Samuel Pruvot : C’est sans doute la psychologie des personnages.

Marine Le Pen semble vraiment être une combattante résiliante. Elle a résisté au nom qu’elle porte, à sa propre histoire, à son propre destin politique. On a l’impression d’une perpétuelle Jeanne d’Arc que l’on remettrait encore et encore sur le bûcher sans qu’elle abandonne, et qui en renaîtrait. Entre Jeanne d’Arc et le phénix !

Il y a aussi chez Marine Le Pen une souffrance assumée, et donc une forme de dureté.

Chez Emmanuel Macron à l’inverse, on ressent une sorte d’assomption perpétuelle. Comme si ses talents manifestes se déployaient au fur et à mesure de son histoire, séduisaient son entourage… jusqu’à lui-même. Pour prendre là encore une image, on a l’impression d’une béatitude terrestre qui ne serait pas combattive du tout, mais auto-contemplative finalement.

En résumé, Marine Le Pen semble sans cesse défendre et se défendre tandis qu’Emmanuel Macron semble attirer à lui tous ceux qui l’approchent.

Un tel destin est forcément motivé par des événements, une éducation, une histoire… Qu’est-ce qui les a menés l’un et l’autre à cette intense vie politique ?
Chez Marine Le Pen, on pense immédiatement à la famille, à son père… Cela a évidemment eu une influence mais ce qu’elle répète et qu’elle écrivait déjà dans son livre À contre-flots, c’est que sa naissance à la conscience politique s’est faite par l’attentat qui a failli coûter la vie à son père mais également à toute sa famille.

Elle n’avait même pas 10 ans lorsqu’elle a compris que l’engagement politique de son père pouvait comporter des dangers allant jusqu’à la mort physique.

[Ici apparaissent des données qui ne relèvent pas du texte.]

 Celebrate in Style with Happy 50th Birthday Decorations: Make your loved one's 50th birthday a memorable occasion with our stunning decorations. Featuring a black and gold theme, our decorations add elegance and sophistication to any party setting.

Cela peut nous paraître hallucinant parce que la politique française se résume normalement au débat et n’est pas habituellement une question de vie ou de mort… Mais c’est son histoire.

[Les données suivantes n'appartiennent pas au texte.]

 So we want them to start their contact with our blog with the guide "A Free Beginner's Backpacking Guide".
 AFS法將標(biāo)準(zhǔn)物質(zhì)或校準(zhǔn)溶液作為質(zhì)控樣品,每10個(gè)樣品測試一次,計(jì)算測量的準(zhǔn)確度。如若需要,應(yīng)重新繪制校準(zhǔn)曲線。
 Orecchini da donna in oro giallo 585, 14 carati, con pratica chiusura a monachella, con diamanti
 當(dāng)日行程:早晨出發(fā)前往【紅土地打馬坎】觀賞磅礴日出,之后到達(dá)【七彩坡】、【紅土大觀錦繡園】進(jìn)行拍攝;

Chez Marine Le Pen, la naissance à la vie politique est donc brutale, sans qu’elle n’en soit d’ailleurs responsable.

Chez Emmanuel Macron, la naissance politique se fait avec la découverte du savoir et de la littérature : il comprend ainsi que la politique est une façon de réussir, que c’est une voie d’excellence.

Là encore, son livre Révolution nous apprend que pour lui, on doit choisir sa vie : il fait des choses que les autres ne font pas et la politique est une voie d’accomplissement et d’ascension personnelle. Il n’y a pas chez lui de révélation qui le pousse un jour à se mettre au service des autres. Il n’a pas non plus de mystique du service de l’État, ce n’est absolument pas la logique dans laquelle il s’inscrit.

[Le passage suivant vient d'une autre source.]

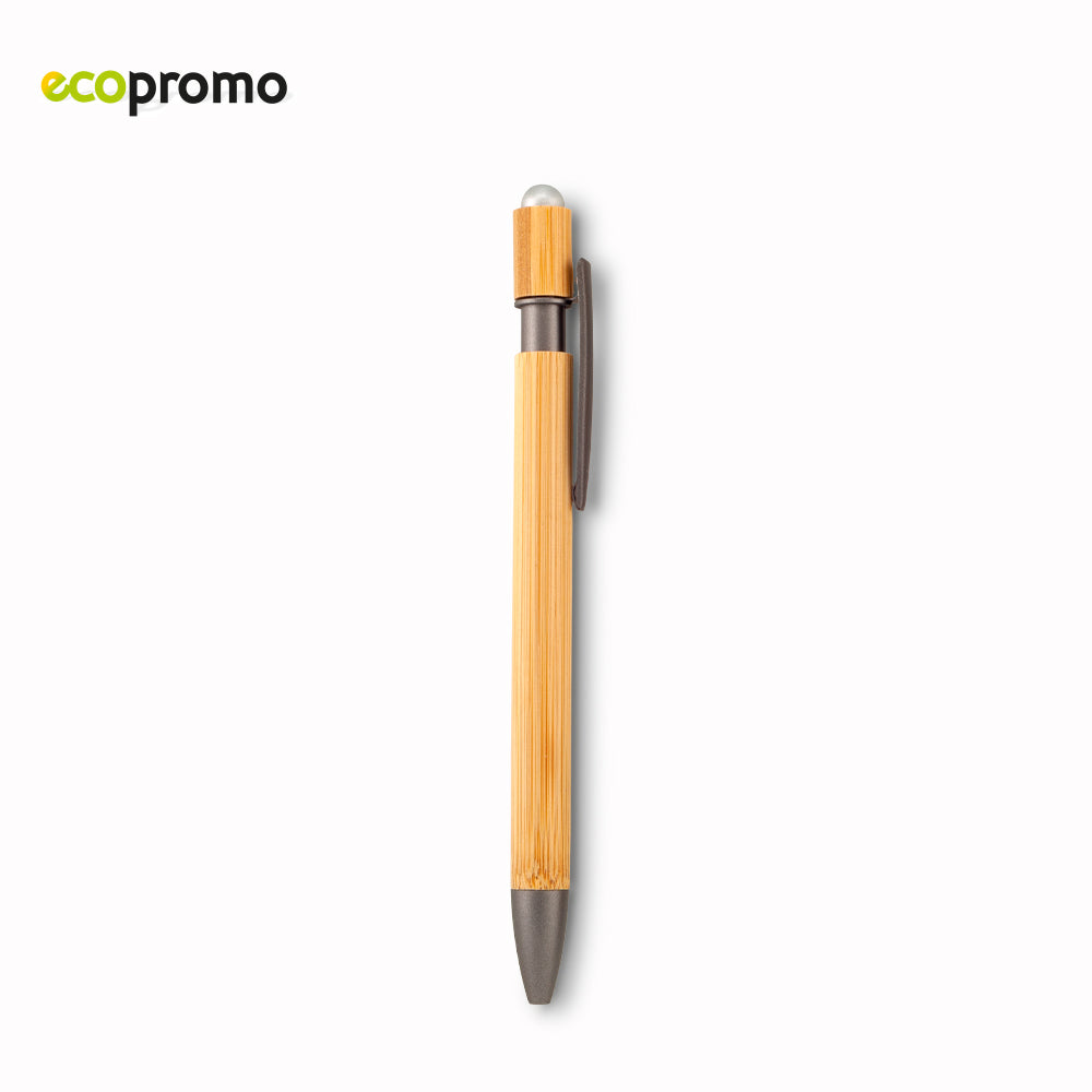 Bolígrafo en bambú con stylus. Mecanismo push y clip metálico. Medidas: 14.5 cm.. Marca: 4 cm Láser. Venta mínima y en múltiplos de caja de 50 unidades.  Ficha Técnica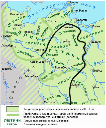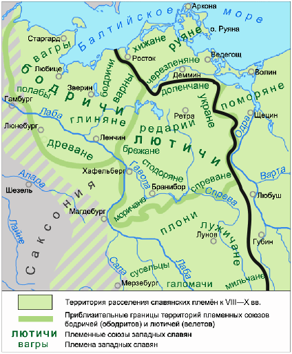 - серед велетських племен: стодоряни, ратари, доленчани та менші південновелетські племена брежан, шправан, укран; північновелетські (хижани та черезпеняни) – найімовірніше надалі залишались поза сферою впливу Східнофранкського королівства;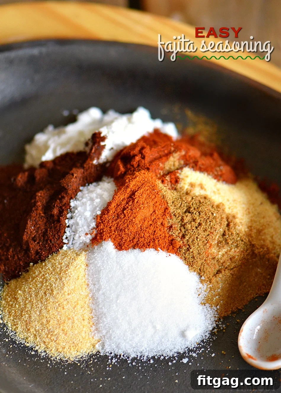 Cornstarch (optional): This ingredient is a secret weapon for creating a slightly thicker, saucier consistency when cooking your fajitas. It helps to bind the juices, forming a light slurry that coats your meat and vegetables beautifully. It has no impact on flavor, so feel free to omit it if you prefer a drier rub or are using the seasoning right away as a dry rub.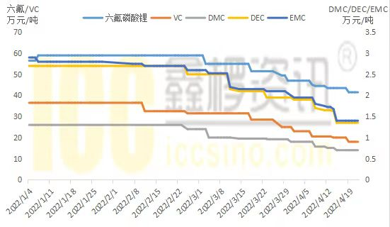 2022年1月-2022年4月:電解液材料價(jià)格走勢(shì)

Marine Le Pen a reçu une éducation religieuse, Emmanuel Macron a demandé le baptême à 12 ans… Quel est le rapport de l’une et de l’autre à la foi, à l’Église et aux catholiques, qui ne sont d’ailleurs pas forcément cohérents entre les trois… ?
Je vais commencer par le plus intime avec ce qu’ils m’en ont dit.

Emmanuel Macron se dit aujourd’hui « redevenu » agnostique. Au moment de la pré-adolescence, il avait en effet découvert la foi par l’intermédiaire des père jésuites d’Amiens mais il précise, et c’est intéressant, qu’il était déjà à l’époque bien plus en phase avec l’aspect intellectuel de la foi qu’avec sa composante spirituelle.

Lorsque l’on évoque avec lui Saint Ignace par exemple, il arrive parfaitement à situer le personnage, ses exercices spirituels… mais on sent qu’il n’a pas dû souvent les pratiquer ! Cela reste cependant des connaissances rares dans le monde politique : il y a une vraie culture religieuse, c’est indéniable.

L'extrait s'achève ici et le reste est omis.